→ **Input material**
* * * * *
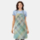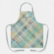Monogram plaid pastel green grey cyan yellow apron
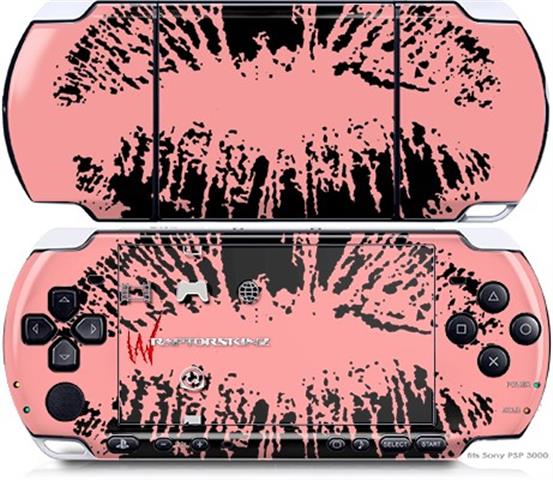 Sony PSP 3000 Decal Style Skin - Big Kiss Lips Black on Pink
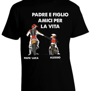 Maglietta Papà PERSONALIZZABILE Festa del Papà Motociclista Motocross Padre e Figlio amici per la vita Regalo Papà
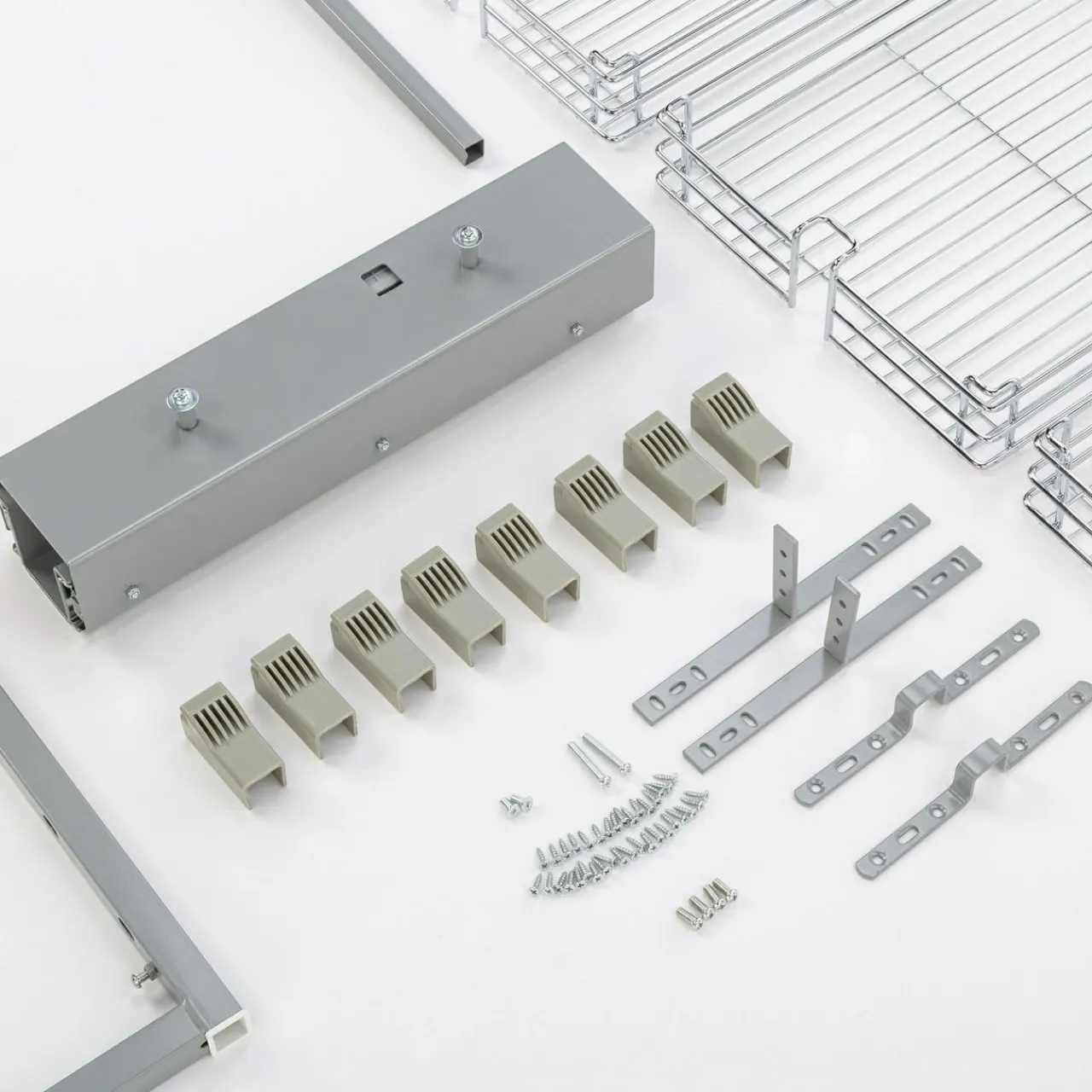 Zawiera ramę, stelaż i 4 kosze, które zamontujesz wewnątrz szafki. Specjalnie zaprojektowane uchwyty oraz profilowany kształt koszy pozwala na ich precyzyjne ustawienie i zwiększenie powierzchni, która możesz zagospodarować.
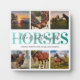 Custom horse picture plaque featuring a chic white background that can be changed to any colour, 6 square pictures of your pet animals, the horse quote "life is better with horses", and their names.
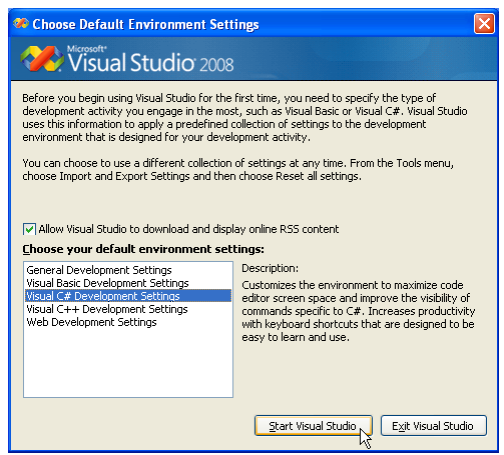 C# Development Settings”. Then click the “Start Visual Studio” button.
* * * * *
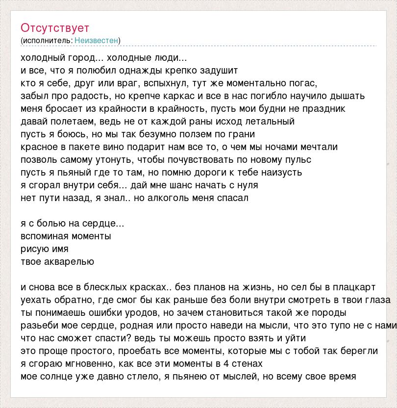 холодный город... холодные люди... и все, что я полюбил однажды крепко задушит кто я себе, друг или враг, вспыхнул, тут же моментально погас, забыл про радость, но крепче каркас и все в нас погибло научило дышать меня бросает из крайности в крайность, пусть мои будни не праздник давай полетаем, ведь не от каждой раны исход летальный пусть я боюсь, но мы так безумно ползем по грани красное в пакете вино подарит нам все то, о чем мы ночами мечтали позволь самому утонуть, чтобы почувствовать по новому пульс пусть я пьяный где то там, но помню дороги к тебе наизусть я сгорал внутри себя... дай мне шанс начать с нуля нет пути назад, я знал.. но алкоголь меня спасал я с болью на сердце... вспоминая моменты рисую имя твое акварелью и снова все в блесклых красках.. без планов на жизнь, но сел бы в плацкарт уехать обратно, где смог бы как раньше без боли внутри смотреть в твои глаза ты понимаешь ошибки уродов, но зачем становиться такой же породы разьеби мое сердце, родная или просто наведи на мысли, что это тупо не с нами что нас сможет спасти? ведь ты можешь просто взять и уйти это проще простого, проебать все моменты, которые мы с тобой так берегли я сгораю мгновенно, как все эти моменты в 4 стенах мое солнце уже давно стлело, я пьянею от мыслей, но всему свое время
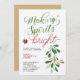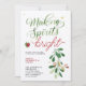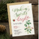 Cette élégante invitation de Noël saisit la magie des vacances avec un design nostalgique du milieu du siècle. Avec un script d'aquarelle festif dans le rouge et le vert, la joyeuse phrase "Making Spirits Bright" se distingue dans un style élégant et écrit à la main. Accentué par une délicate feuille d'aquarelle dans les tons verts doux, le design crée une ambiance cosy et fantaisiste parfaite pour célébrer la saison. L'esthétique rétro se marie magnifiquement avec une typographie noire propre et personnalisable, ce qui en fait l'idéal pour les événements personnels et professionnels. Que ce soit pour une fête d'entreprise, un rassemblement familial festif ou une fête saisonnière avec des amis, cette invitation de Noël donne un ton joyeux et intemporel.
* * * * *
→ **Exercise prompt**
Every line above between the one containing "Custom horse picture" and the one containing "Then click the", those two included, is to be printed exactly. No pictures go into the copy.

→ **Result**
 Custom horse picture plaque featuring a chic white background that can be changed to any colour, 6 square pictures of your pet animals, the horse quote "life is better with horses", and their names.
 C# Development Settings”. Then click the “Start Visual Studio” button.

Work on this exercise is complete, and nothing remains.